» **BRIEF**: Retype only the lines below from the one with "rodzinne i finansowe." to the one with "Полка навесная T", inclusive, skipping every image.

» **PROVIDED RECORDS**:

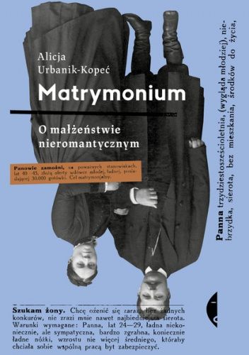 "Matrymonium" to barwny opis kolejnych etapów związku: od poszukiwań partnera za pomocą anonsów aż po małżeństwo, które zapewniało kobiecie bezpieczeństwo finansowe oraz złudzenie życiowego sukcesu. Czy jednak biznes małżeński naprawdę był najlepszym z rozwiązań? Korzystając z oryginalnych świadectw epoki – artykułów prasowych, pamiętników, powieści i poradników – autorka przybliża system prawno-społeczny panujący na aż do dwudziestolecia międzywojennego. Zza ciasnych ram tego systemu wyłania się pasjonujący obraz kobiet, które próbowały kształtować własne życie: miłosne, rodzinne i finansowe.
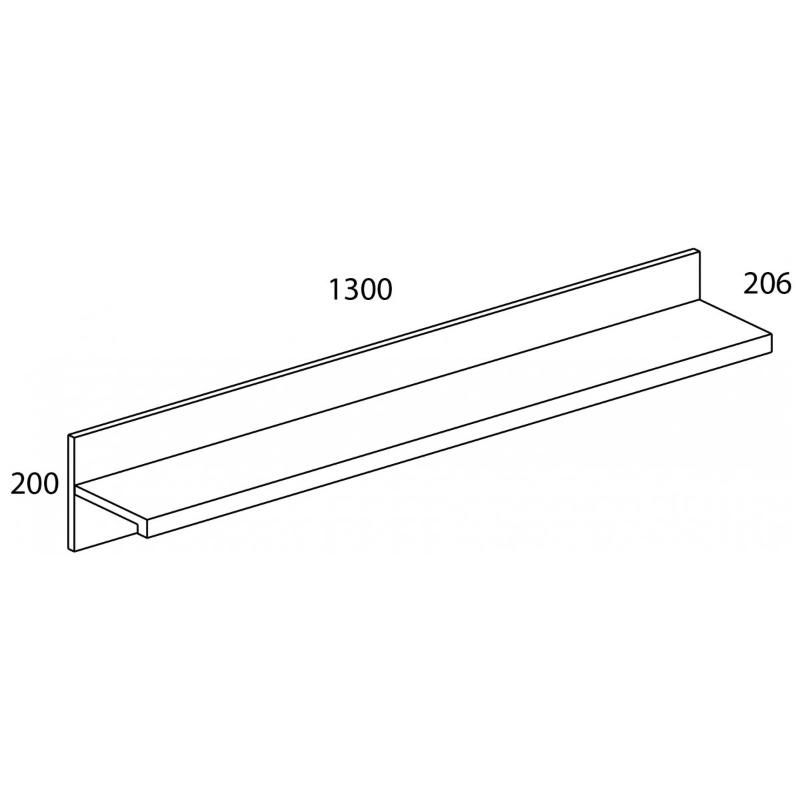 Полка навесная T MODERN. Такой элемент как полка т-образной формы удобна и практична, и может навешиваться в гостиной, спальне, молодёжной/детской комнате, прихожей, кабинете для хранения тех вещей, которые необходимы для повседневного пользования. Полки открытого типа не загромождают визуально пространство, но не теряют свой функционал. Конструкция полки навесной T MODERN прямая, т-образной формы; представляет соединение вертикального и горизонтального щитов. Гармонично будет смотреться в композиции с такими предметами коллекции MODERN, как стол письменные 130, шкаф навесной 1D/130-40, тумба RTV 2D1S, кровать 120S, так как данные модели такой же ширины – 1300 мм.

...

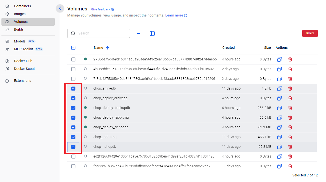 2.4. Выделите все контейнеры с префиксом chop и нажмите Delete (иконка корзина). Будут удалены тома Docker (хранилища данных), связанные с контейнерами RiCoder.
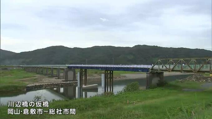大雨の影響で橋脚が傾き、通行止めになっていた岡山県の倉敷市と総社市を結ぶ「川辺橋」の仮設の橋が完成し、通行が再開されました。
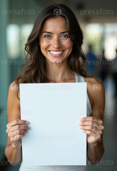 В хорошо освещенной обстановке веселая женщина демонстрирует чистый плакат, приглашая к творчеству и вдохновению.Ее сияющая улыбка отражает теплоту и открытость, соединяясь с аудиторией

---

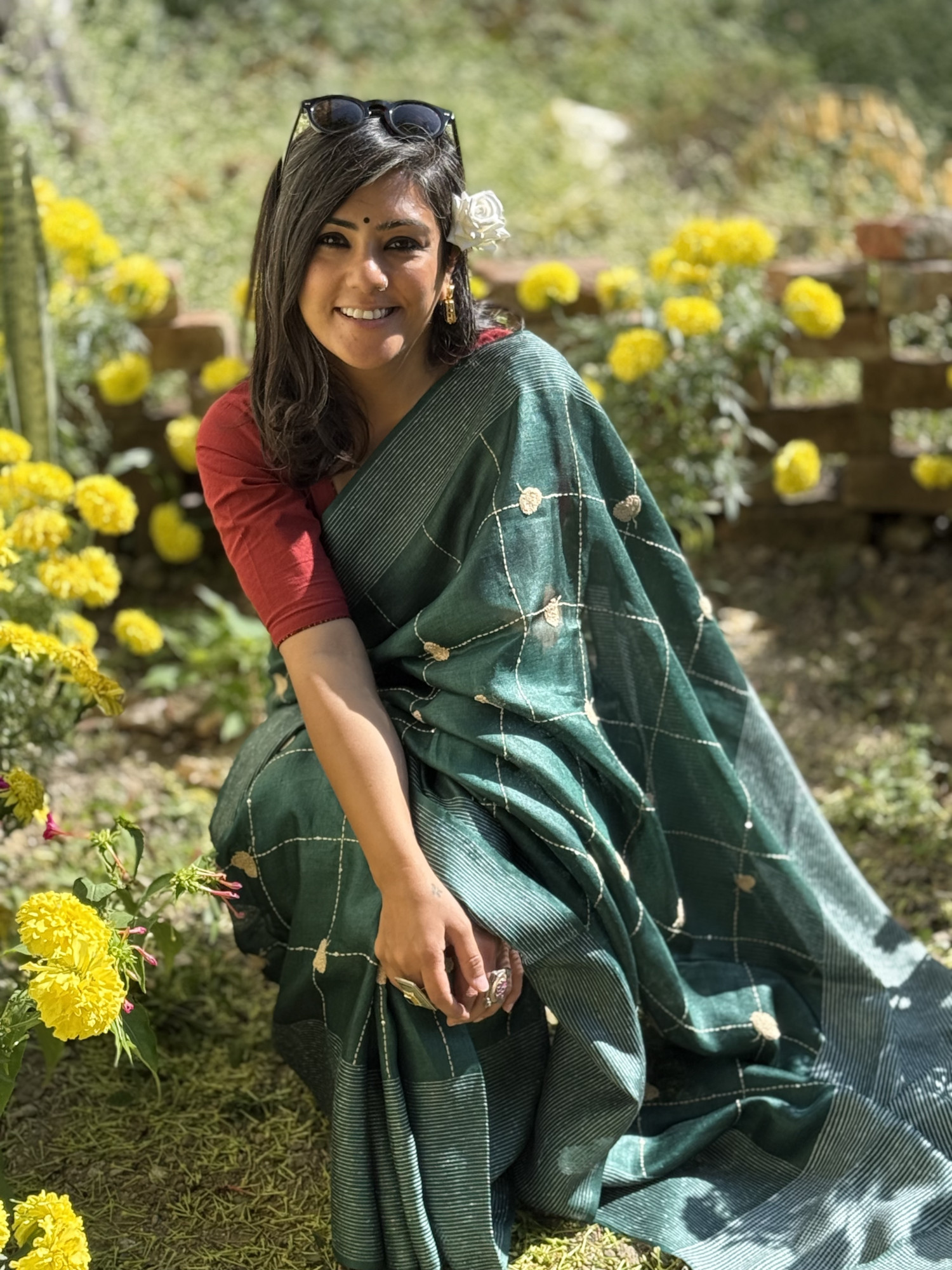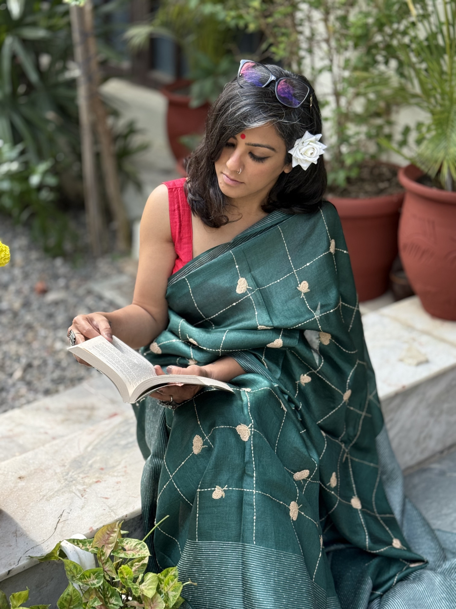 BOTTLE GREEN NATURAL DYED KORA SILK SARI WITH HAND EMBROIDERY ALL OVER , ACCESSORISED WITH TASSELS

» **TASK ANSWER**:
 "Matrymonium" to barwny opis kolejnych etapów związku: od poszukiwań partnera za pomocą anonsów aż po małżeństwo, które zapewniało kobiecie bezpieczeństwo finansowe oraz złudzenie życiowego sukcesu. Czy jednak biznes małżeński naprawdę był najlepszym z rozwiązań? Korzystając z oryginalnych świadectw epoki – artykułów prasowych, pamiętników, powieści i poradników – autorka przybliża system prawno-społeczny panujący na aż do dwudziestolecia międzywojennego. Zza ciasnych ram tego systemu wyłania się pasjonujący obraz kobiet, które próbowały kształtować własne życie: miłosne, rodzinne i finansowe.
 Полка навесная T MODERN. Такой элемент как полка т-образной формы удобна и практична, и может навешиваться в гостиной, спальне, молодёжной/детской комнате, прихожей, кабинете для хранения тех вещей, которые необходимы для повседневного пользования. Полки открытого типа не загромождают визуально пространство, но не теряют свой функционал. Конструкция полки навесной T MODERN прямая, т-образной формы; представляет соединение вертикального и горизонтального щитов. Гармонично будет смотреться в композиции с такими предметами коллекции MODERN, как стол письменные 130, шкаф навесной 1D/130-40, тумба RTV 2D1S, кровать 120S, так как данные модели такой же ширины – 1300 мм.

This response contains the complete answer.